» **TO DO**:
Without including any picture, copy the entries that follow word for word.

(Stored data)
━━━━
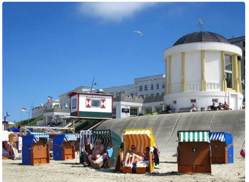
Keltainen paviljonki on koristanut rantapromenadia jo toistasataa vuotta.
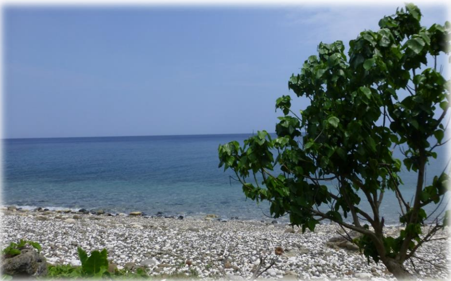
Pentecost (Pünkösd) sziget
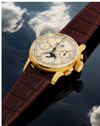
2885 PATEK PHILIPPE Ewiger Kalender mit Chronograph Ref. 1518, hergestellt 1950. Gelbgold 750. CHF 180 000 / 360 000 Verkauft für CHF 500 000
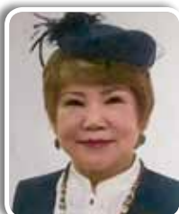
王玥郡校友 (第3届人力资源课程)
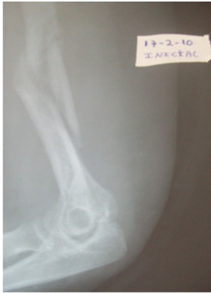
Fig. 1. Rx lateral inicial sin yeso.
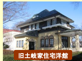
旧土岐家住宅洋館
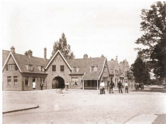
C.T. Storkplein, voorjaar 1913.

tegenwoordig Stork BV zijn er nauwelijks meer te vinden. De oudere gedeelten van de wijk staan sterk in de belangstelling bij woningzoekenden. Prijzen zijn hoger dan in andere wijken van Hengelo, maar dan woont men wel in een bijzondere wijk met een prachtig verhaal. Jaarlijks zet Het Tuindorp zich op de kaart met de jaarlijkse boekenmarkt en kunstmarkt, waarbij bezoekers uit heel Nederland te vinden zijn. Daarnaast draait het Tuindorpbad weer volop. Het buitenzwembad, dat in 1923 in gebruik werd genomen, is langdurig onderwerp van strijd geweest tussen de
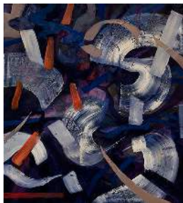
Max Maus, I don't even know what your favorite flower is , 2024, Öl auf Leinwand, 155 x 145 cm
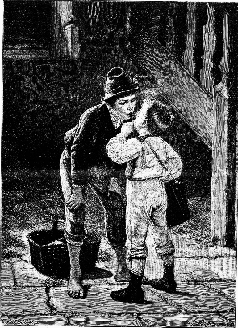
Nicht brotbringende Bunt!

hätte ich doch gerne gewußt, wie die Kinder in ihrem Gebetbüchlein Auskunft wissen. Ein Kind hat während dem Gottesdienst viel in seinem Buche herumgeblättert. Dem Aemchen kann ich sagen, daß es gestern lange Inhaltsregister studiert hat und Rosa hat heute in meiner Nähe „Gebet bei einem Gewitter“ gelesen, grad als das Glöcklein zum Sanctus geläutet hatte. Da machen nun freilich die Kinder große Augen, wie das alles ans Tageslicht kommt. Manches Kind weiß gar keinen Bescheid in seinem Buche. Man gibt ihm dasselbe in die Hand und schickt es damit zur Kirche und ob es nun am Abend die Messandacht lese und am Morgen in der hl. Messe das Abendgebet verrichte, darum bekümmert man sich nicht. Eine Lehrerin, die ihr Plätzchen in der Kirche bei der Kinderschar hat, zudem über zwei scharfe Augen verfügt, kann auf diesem Gebiete stets neue Erfahrungen machen und manche Mutter würde staunen, wenn man sie darüber aufklären würde, vielleicht auch — sich ein
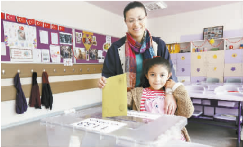
土耳其举行议会选举 6月7日,在土耳其首都安卡拉一个投票站,一个小女孩帮妈妈投票。土耳其议会选举当日开始投票。执政的正义与发展党、主要反对党共和人民党、民族行动党和亲库尔德的人民民主党在内的20个政党参加竞选,角逐550个议会席位。

阿联酋迪拜一名21岁中国男子4日在公寓楼货梯内遭遇抢劫并被杀害,随身携带的102万迪拉姆(1美元约合3.7迪拉姆)现金被凶犯抢走。中国驻阿联酋首任总领馆在案发后第一时间启动应急机制,敦促迪拜警方全力侦破,同时提醒在阿中国侨民和游客切实提高风险防范意识,采取必要措施加强自我安全保护。
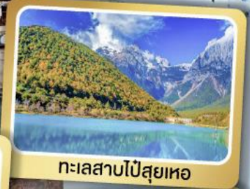
ทะเลสาบไป๋สฺยเหอ
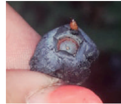
Presencia de pupas
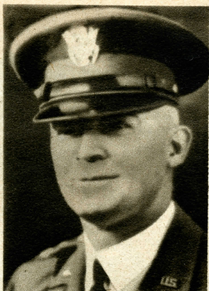
Generalleutnant H. Arnold Seit dem denkwürdigen Angriff auf Pearl Harbour wurde in den Vereinigten Staaten der Luftwaffe erhöhte Aufmerksamkeit geschenkt. Ihr Oberkommandierender ist Generalleutnant Henry H. Arnold, «der erste Flieger der Armee». Schon vor mehr als 30 Jahren versuchte er auf alle möglichen Arten in der Luft herumzugondeln und sammelte in all diesen Jahren genügend Erfahrungen, um den Ausbau der Luftflotte tatkräftig an die Hand zu nehmen.
━━━━
» **ANSWER TO THIS PROBLEM**:
Keltainen paviljonki on koristanut rantapromenadia jo toistasataa vuotta.
Pentecost (Pünkösd) sziget
2885 PATEK PHILIPPE Ewiger Kalender mit Chronograph Ref. 1518, hergestellt 1950. Gelbgold 750. CHF 180 000 / 360 000 Verkauft für CHF 500 000
王玥郡校友 (第3届人力资源课程)
Fig. 1. Rx lateral inicial sin yeso.
旧土岐家住宅洋館
C.T. Storkplein, voorjaar 1913.

tegenwoordig Stork BV zijn er nauwelijks meer te vinden. De oudere gedeelten van de wijk staan sterk in de belangstelling bij woningzoekenden. Prijzen zijn hoger dan in andere wijken van Hengelo, maar dan woont men wel in een bijzondere wijk met een prachtig verhaal. Jaarlijks zet Het Tuindorp zich op de kaart met de jaarlijkse boekenmarkt en kunstmarkt, waarbij bezoekers uit heel Nederland te vinden zijn. Daarnaast draait het Tuindorpbad weer volop. Het buitenzwembad, dat in 1923 in gebruik werd genomen, is langdurig onderwerp van strijd geweest tussen de
Max Maus, I don't even know what your favorite flower is , 2024, Öl auf Leinwand, 155 x 145 cm
Nicht brotbringende Bunt!

hätte ich doch gerne gewußt, wie die Kinder in ihrem Gebetbüchlein Auskunft wissen. Ein Kind hat während dem Gottesdienst viel in seinem Buche herumgeblättert. Dem Aemchen kann ich sagen, daß es gestern lange Inhaltsregister studiert hat und Rosa hat heute in meiner Nähe „Gebet bei einem Gewitter“ gelesen, grad als das Glöcklein zum Sanctus geläutet hatte. Da machen nun freilich die Kinder große Augen, wie das alles ans Tageslicht kommt. Manches Kind weiß gar keinen Bescheid in seinem Buche. Man gibt ihm dasselbe in die Hand und schickt es damit zur Kirche und ob es nun am Abend die Messandacht lese und am Morgen in der hl. Messe das Abendgebet verrichte, darum bekümmert man sich nicht. Eine Lehrerin, die ihr Plätzchen in der Kirche bei der Kinderschar hat, zudem über zwei scharfe Augen verfügt, kann auf diesem Gebiete stets neue Erfahrungen machen und manche Mutter würde staunen, wenn man sie darüber aufklären würde, vielleicht auch — sich ein
土耳其举行议会选举 6月7日,在土耳其首都安卡拉一个投票站,一个小女孩帮妈妈投票。土耳其议会选举当日开始投票。执政的正义与发展党、主要反对党共和人民党、民族行动党和亲库尔德的人民民主党在内的20个政党参加竞选,角逐550个议会席位。

阿联酋迪拜一名21岁中国男子4日在公寓楼货梯内遭遇抢劫并被杀害,随身携带的102万迪拉姆(1美元约合3.7迪拉姆)现金被凶犯抢走。中国驻阿联酋首任总领馆在案发后第一时间启动应急机制,敦促迪拜警方全力侦破,同时提醒在阿中国侨民和游客切实提高风险防范意识,采取必要措施加强自我安全保护。
ทะเลสาบไป๋สฺยเหอ
Presencia de pupas
Generalleutnant H. Arnold Seit dem denkwürdigen Angriff auf Pearl Harbour wurde in den Vereinigten Staaten der Luftwaffe erhöhte Aufmerksamkeit geschenkt. Ihr Oberkommandierender ist Generalleutnant Henry H. Arnold, «der erste Flieger der Armee». Schon vor mehr als 30 Jahren versuchte er auf alle möglichen Arten in der Luft herumzugondeln und sammelte in all diesen Jahren genügend Erfahrungen, um den Ausbau der Luftflotte tatkräftig an die Hand zu nehmen.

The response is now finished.